- Born: 9 June 1961 (age 65) Dublin, Ireland
- Genres: Irish traditional; folk; world;
- Occupation: Musician
- Instruments: Fiddle, whistle, flute
- Years active: Late 1970s – present
- Labels: Claddagh, Faetain Records, own label
- Website: pauloshaughnessy.wordpress.com

= Paul O'Shaughnessy (musician) =

Irish musician (born 1961)

Paul O'Shaughnessy (born 9 June 1961) is an Irish fiddler, former member of Irish folk music bands Altan and Beginish. Also a whistle and flute player and an occasional composer, Paul has been playing fiddle since his childhood, and has long been recognised as a leading traditional musician in the city of Dublin.

==Background and career==
Paul O'Shaughnessy comes from Artane on the north side of Dublin city.
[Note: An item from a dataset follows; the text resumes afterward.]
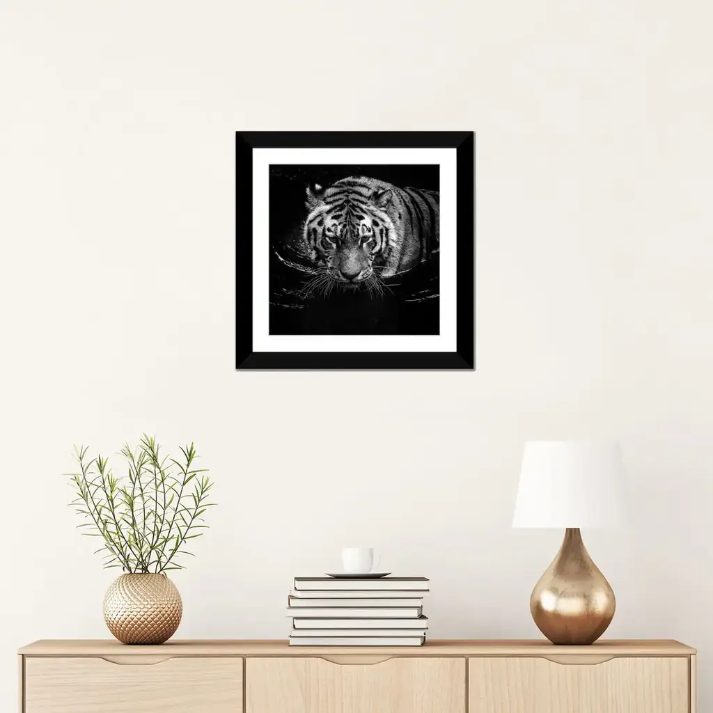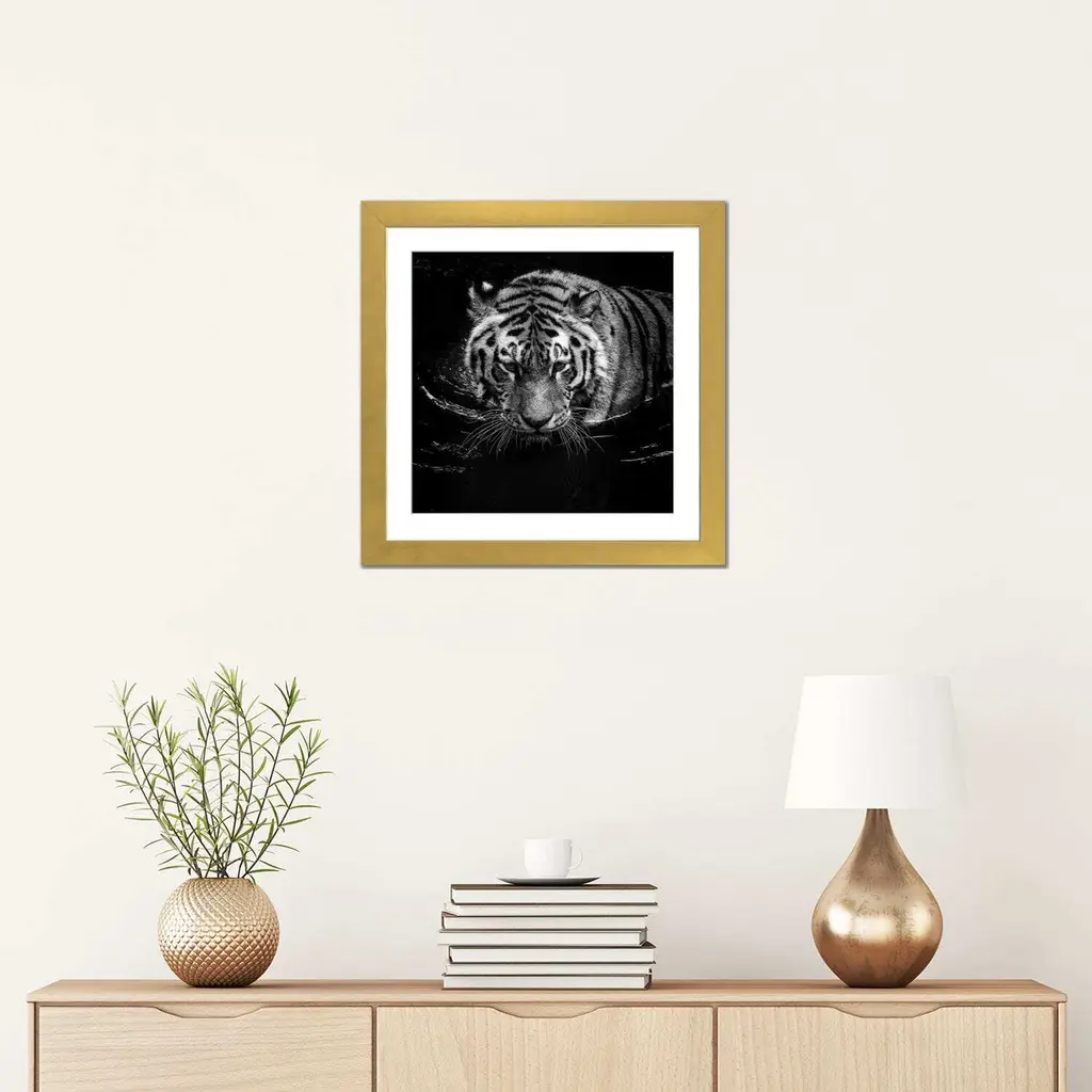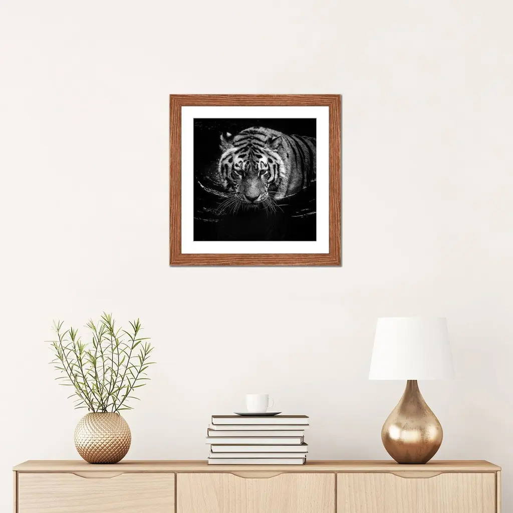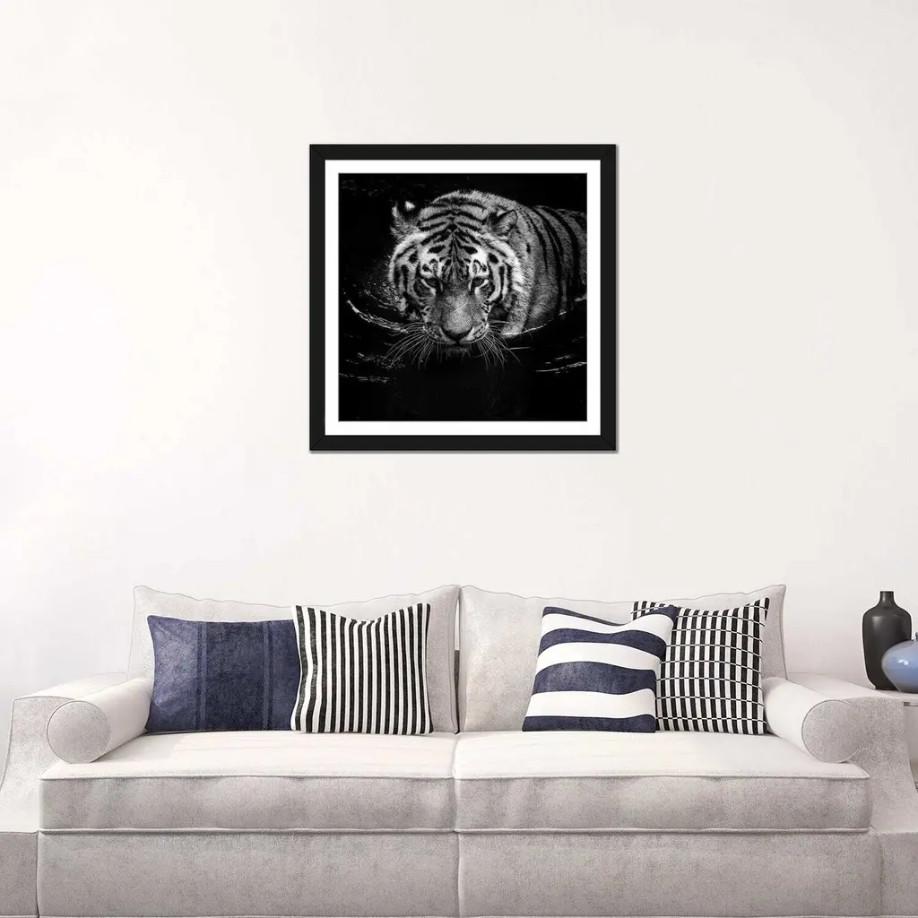 Icanvas "Tiger In Water, Black & White" By Lukas Holas Pfa - Walnut - 24x24x1

He spent much of his youth in Donegal where he developed a love and talent for fiddle playing, learning at first not only from his mother, Pearl McBride (a fiddle player from a musical Donegal family) but also from the playing of Cavan fiddle player Antóin Mac Gabhann and from John Doherty. He was also influenced by Sligo flute player John Egan.

He was one of a number of outstanding contemporary players who were members of Comhaltas Ceoltóirí Éireann branches in the area, his playing partner whistle player Denis O'Brien among them. In later years, he spent time in Donegal, learning from source-players such as Con Cassidy and the Campbell family.
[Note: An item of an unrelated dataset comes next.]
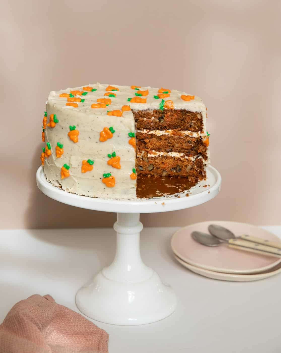 - Decorating tip. Here's how I pipe on carrots. I use a Wilton #150 round tip. I do a squiggly line, starting larger and then going smaller to imitate the shape of a carrot. Two tiny lines are the carrot stem. It doesn't have to be perfect! Buttermilk replacement. You can use 2/3 cup milk and add in 1 tablespoon of lemon juice. Let the milk stand for 10 minutes until it begins to curdle and use as is! How to store: Keep at room temperature, covered, for up to two days. If longer, feel free to store in the fridge for up to 4 days, in an airtight container. Using 9-inch cake pans. I love the look of 8-inch cake pans but this recipe will work with 9-inch too! You'll have slightly thinner layers but it'll still look gorgeous and delicious.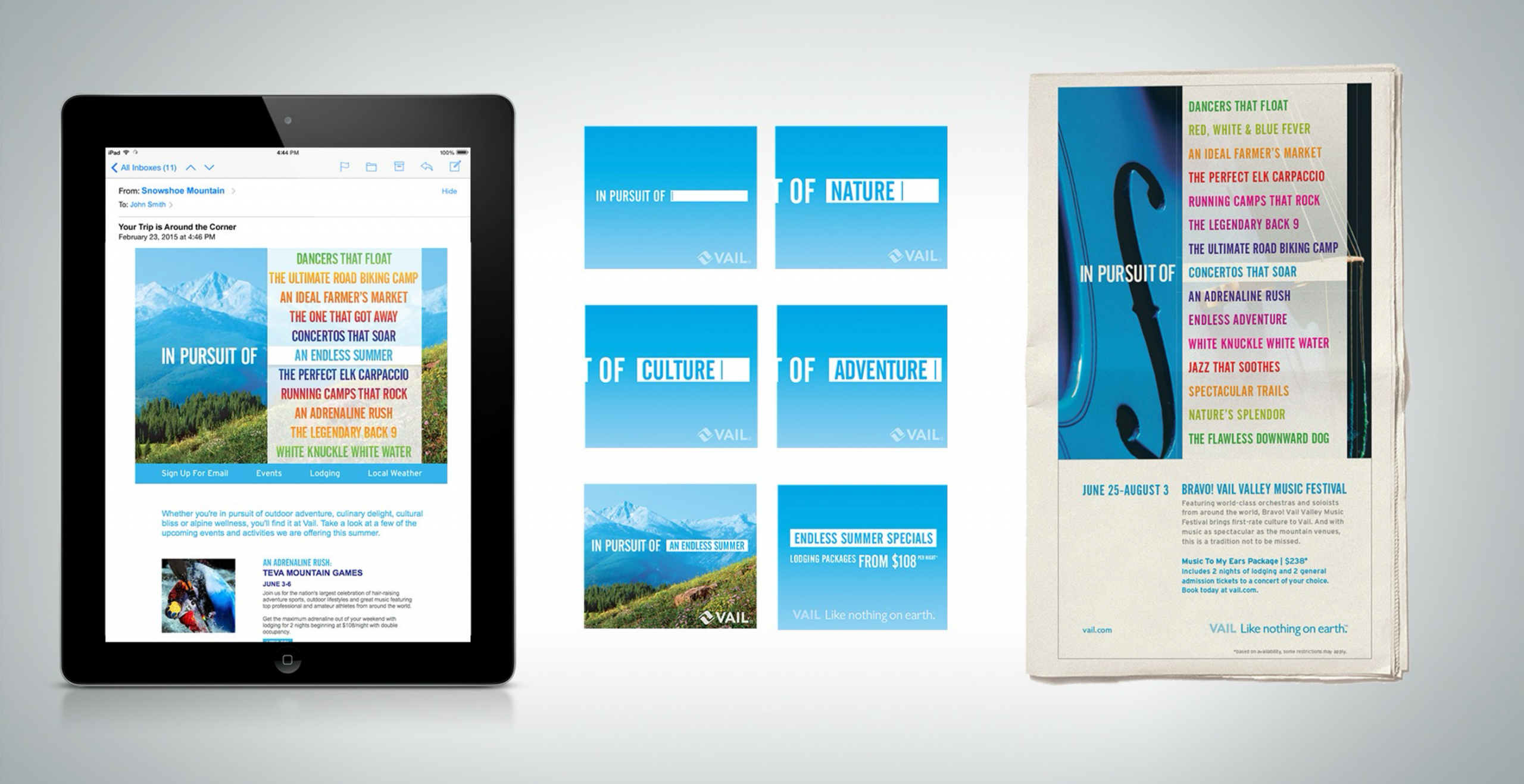 Vail is a mighty presence in winter, but struggled to center its summer business. We were asked to integrate, for the first time, the Vail summer marketing into the winter brand. So now, in place of powder-rich Back Bowls, we needed to tell the “Like nothing on earth” story in a whole new way. We centered it instead on the eclectic Vail community, a band of extraordinary individuals including world-famous climbers, kayakers, cyclists, musicians, and chefs. People of the world who have chosen to pursue their passions in Vail. Our campaign, “The pursuit of personal passions” featured short, intimate films about these famous residents housed on an interactive website where the navigation allowed visitors to explore their own passions. Across TV, magazine advertising, web, display, and social, the campaign contributed to a 22% increase in lodging tax, 8% increase in lodging, and 7% in website visits. For the first time in its history, Vail mountain was communicated as a single, year-round, brand experience.

Paul has been appearing on Irish radio and television since the late 1970s, but became more widely known in the 1990s as a member of the Donegal-based group Altan (1988–92) (after he had met and played with founding members Frankie Kennedy & Mairéad Ní Mhaonaigh) and as a member of the Dublin-based group Beginish (late 1990s–early 2000s), two Irish folk music bands with whom he toured throughout the world.

Paul O'Shaughnessy is to be heard on their recordings and on a wide variety of others, including his solo album Stay Another While (POSCD 0001), and his duet albums with two flute players: Within a Mile of Dublin (SPINCD1000) with Paul McGrattan and Born for Sport with Harry Bradley (BFS001).

He has also completed a doctorate in Irish-language dialect studies.

For the first time in 12 years, Beginish (including Paul O'Shaughnessy) regrouped together for some concerts throughout 2013.

==Discography==

=== With Altan ===
- 1989 Horse with a Heart
- 1990 The Red Crow
- 1992 Harvest Storm

=== With Beginish ===
- 1998 Beginish
- 2001 Stormy Weather

===Solo albums===
- 2000 Stay Another While (Claddagh Records – POS0001; 14 tracks featuring Frankie Lane on guitar, mandolin, dobro & bass)
- 2016 The Friendly Visit – An Céilí (Claddagh Records – POS0002; 14 tracks featuring Garry O'Briain, Eoin O'Neill and fiddlers Pearl and Kate O'Shaughnessy (respectively Paul O'Shaughnessy's mother and daughter))

===Duet albums===

- Paul O'Shaughnessy & Harry Bradley
- 2005 Born for Sport (Own label – BFS001; duet album with flute player Harry Bradley; also featuring John Blake (bouzouki))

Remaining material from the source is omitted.